Start of Material for this task

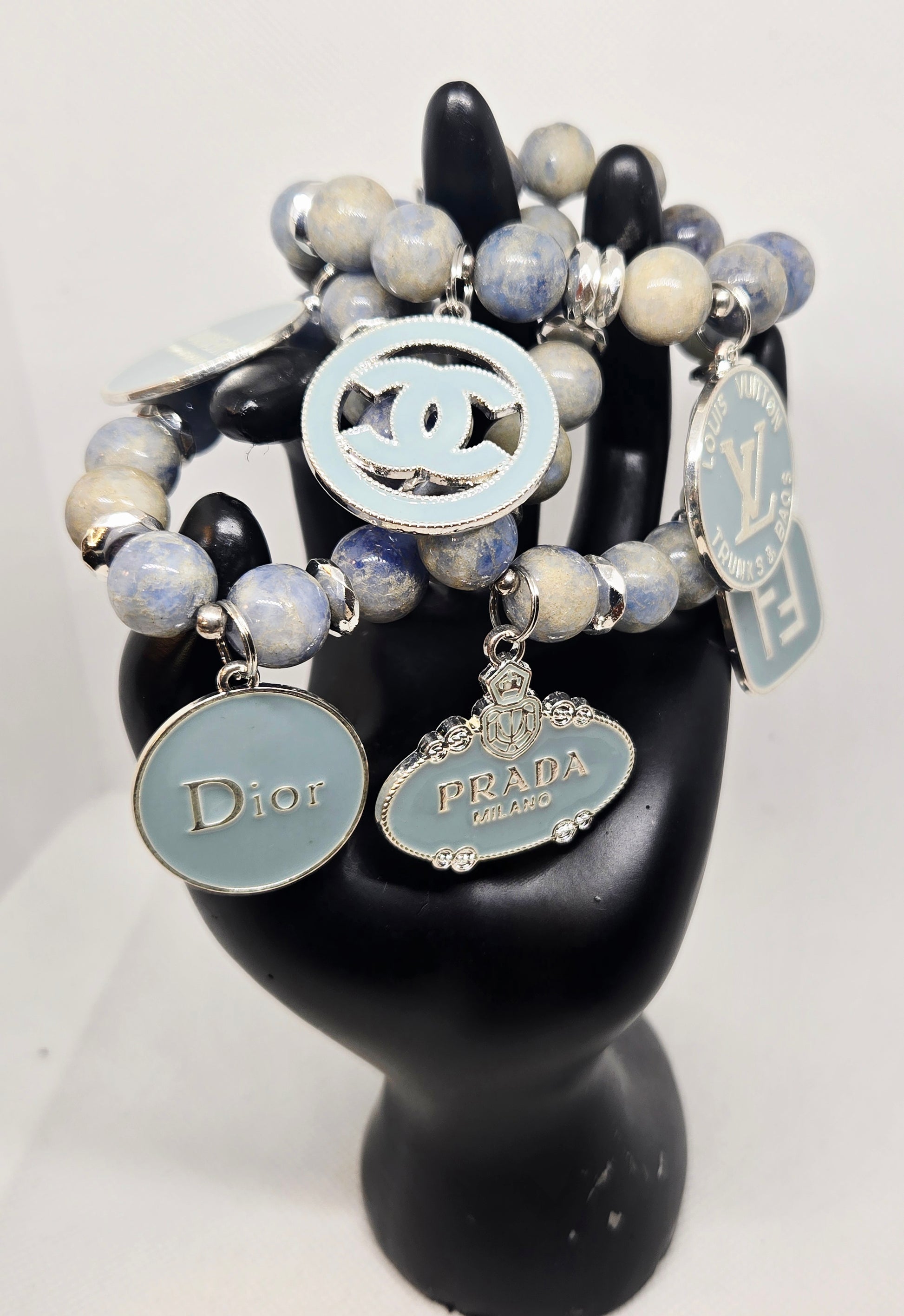 Denim and grey tone beads with silver hematite accents
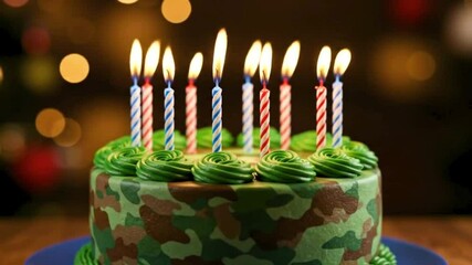 Celebrate military birthday with camo cake and candles for army themed party idea
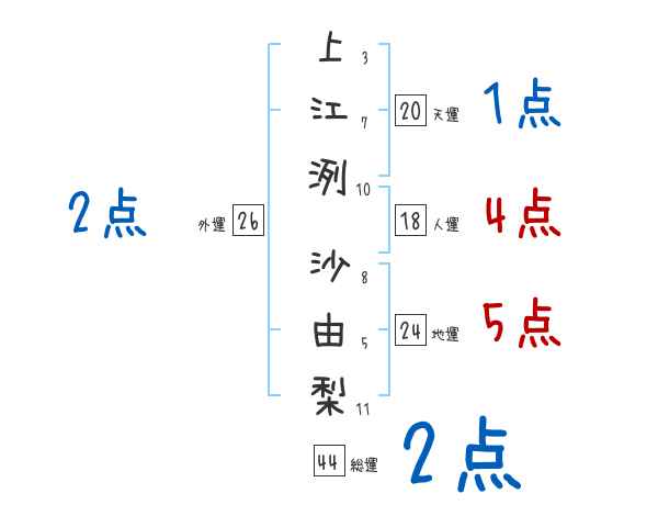 上江洌沙由梨さんの画数の鑑定結果
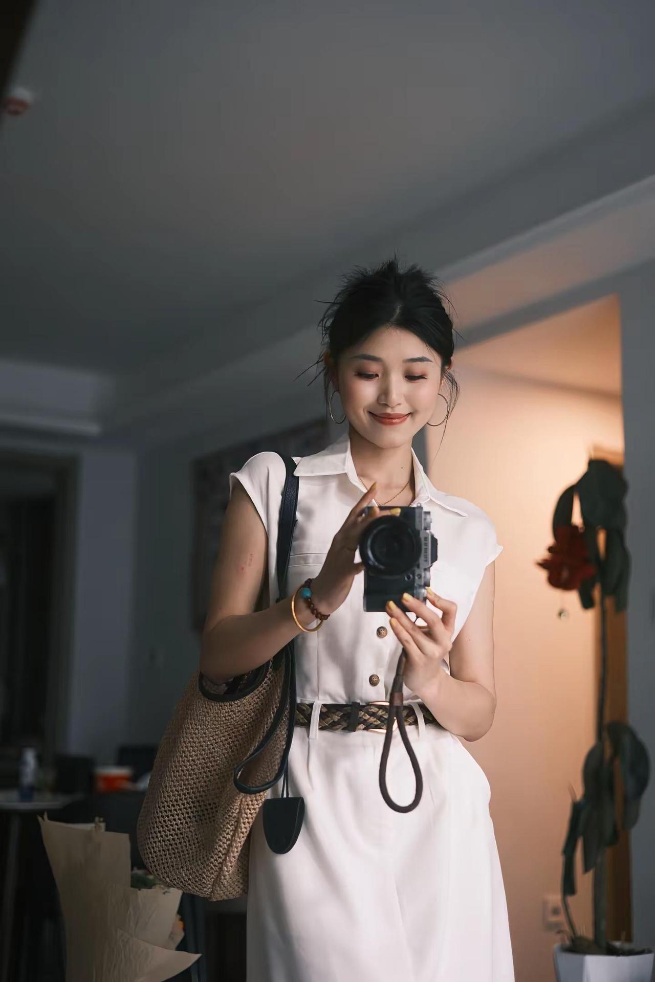 柔美漂亮的衬衫吊带裙
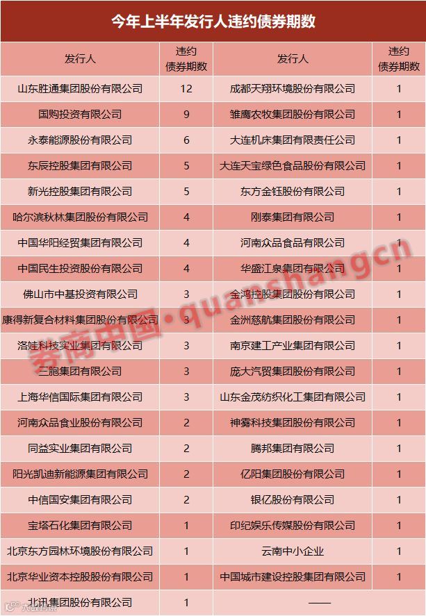 这12期违约债券分别为16胜通MTN001,17胜通MTN001、002,16胜通01、03,17胜通01,17鲁胜01,18鲁胜01、02,违约发生时间在今年3月下旬。
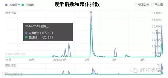 此外,通过比较两图的不同,我们还发现,两类平台对于传播内容的偏好存在明显差异---百度网民搜索的峰值出现在2月,既“绵阳市人民医院工作人员罢工”被各大网络媒体报道期间;而新浪微博热议度峰值则出现在1月“走廊医生”兰越峰被央视两次曝光期间。

End of Material for this task

#### What you have to do
Starting at the line that contains "这12期违约债券分别为16胜", write out every line through the end of the entries, both ends included, without any pictures.

#### Answer for the task
 这12期违约债券分别为16胜通MTN001,17胜通MTN001、002,16胜通01、03,17胜通01,17鲁胜01,18鲁胜01、02,违约发生时间在今年3月下旬。
 此外,通过比较两图的不同,我们还发现,两类平台对于传播内容的偏好存在明显差异---百度网民搜索的峰值出现在2月,既“绵阳市人民医院工作人员罢工”被各大网络媒体报道期间;而新浪微博热议度峰值则出现在1月“走廊医生”兰越峰被央视两次曝光期间。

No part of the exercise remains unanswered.